To unload a memory dump from Sherlock and return the *commands to operation upon the live system simply issue the *SMemLoad command without a filename parameter.
An in-progress development build - binary only for now, whilst I continue working on the source and tidying a few loose ends - may be downloaded here
For module code that fails but leaves the system sufficiently usable that *commands may still be entered, it should be simple to use the Sherlock module even in its current nascent state of development, since the code will necessarily already be in memory.
To investigate a fault induced within application code will currently require manual loading of the symbol table and application binary into memory, eg. from a TaskWindow, issue *SymLoad <symbol file>, followed by *Load <executable image>, bearing in mind that the binary will not be executed, and must thus be a raw (not compressed/encrypted) copy of the in-memory executable at the point of failure.

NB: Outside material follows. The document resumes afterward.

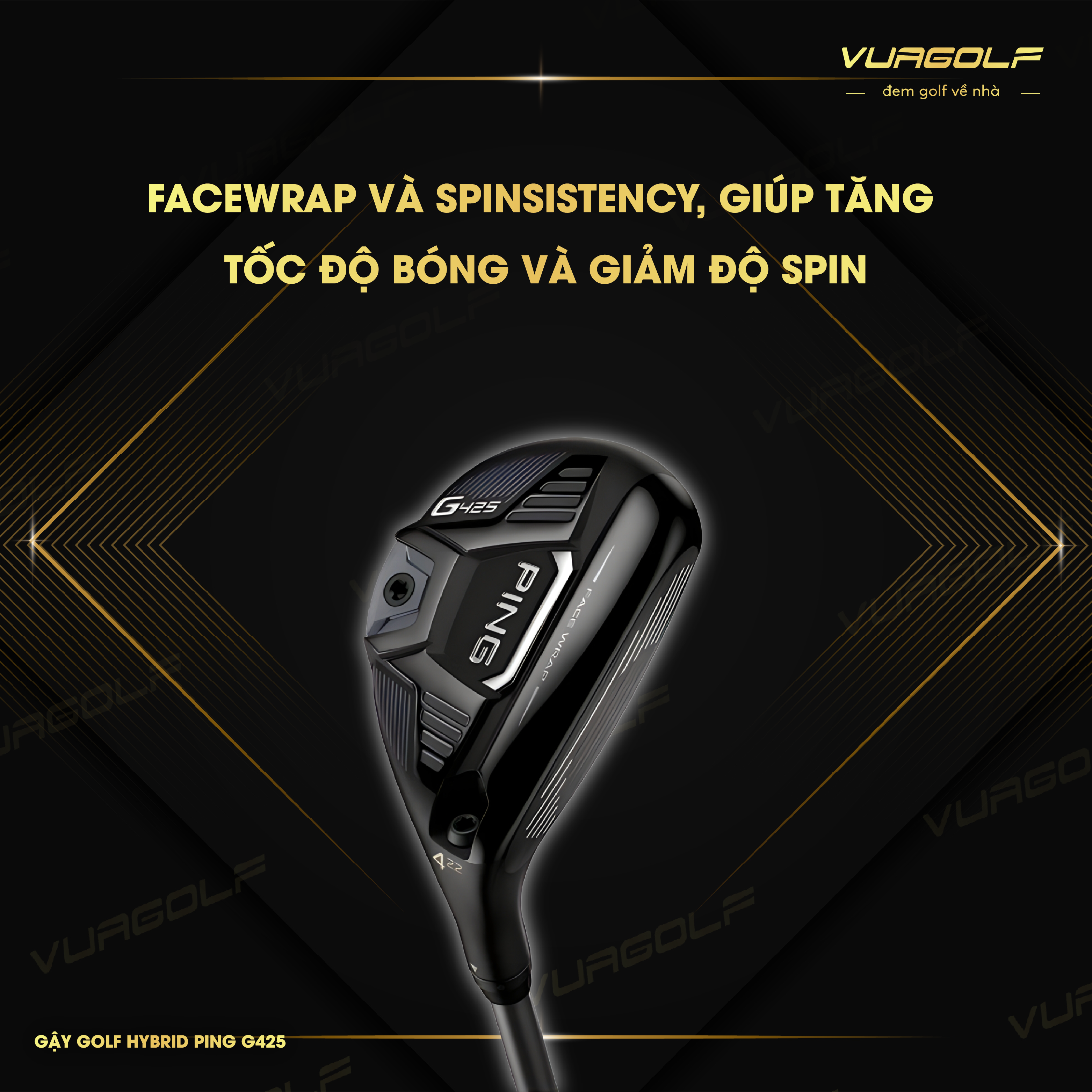 - Gậy golf Hybrid Ping G425 có công nghệ Facewrap và Spinsistency, giúp tăng tốc độ bóng và giảm độ spi. Công nghệ Facewrap làm cho mặt gậy được rèn từ thép maraging mỏng hơn và uốn cong hơn, tạo ra ảnh phóng cao và khoảng cách xa. Công nghệ Spinsistency làm cho độ cong khuôn mặt phức tạp hơn, giúp bình thường hóa vòng quay và tăng tốc độ bóng, đặc biệt khi đánh bóng ở phần dưới của mặt gậy.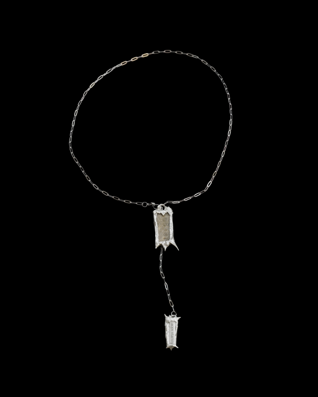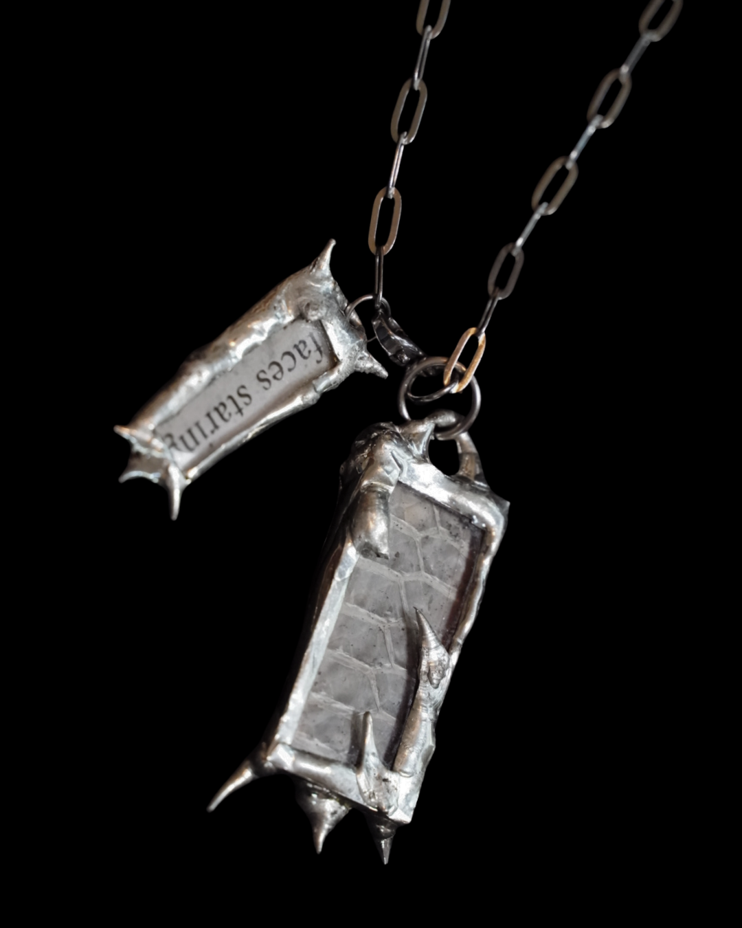 Original tie style necklace fashioned with genuine shed snake skin, paper, glass accents, lead-free solder, and a stainless steel chain.

If you have an utility that will produce a copy of the application memory at the point of failure, or grab the memory contents using your favourite source editor, then you may choose to load that instead using a similar *Load command.
A possibly future extension to Sherlock may be to introduce a SWI/direct interface to the routines which perform these operations. It could also be beneficial to introduce calls from the ZeroPain module into Sherlock or the underlying Symtab library, so that non-faulted accesses to zero page may be logged in a symbolic form whilst the application continues running.
Please get in touch if you have any suggestions for further development of the Sherlock module or the underlying Symtab library, to make it more useful as a diagnostic/development tool. In due course it is my intention to release all of the code as open source for the benefit of all developers, and so that the library may readily be incorporated into other tools.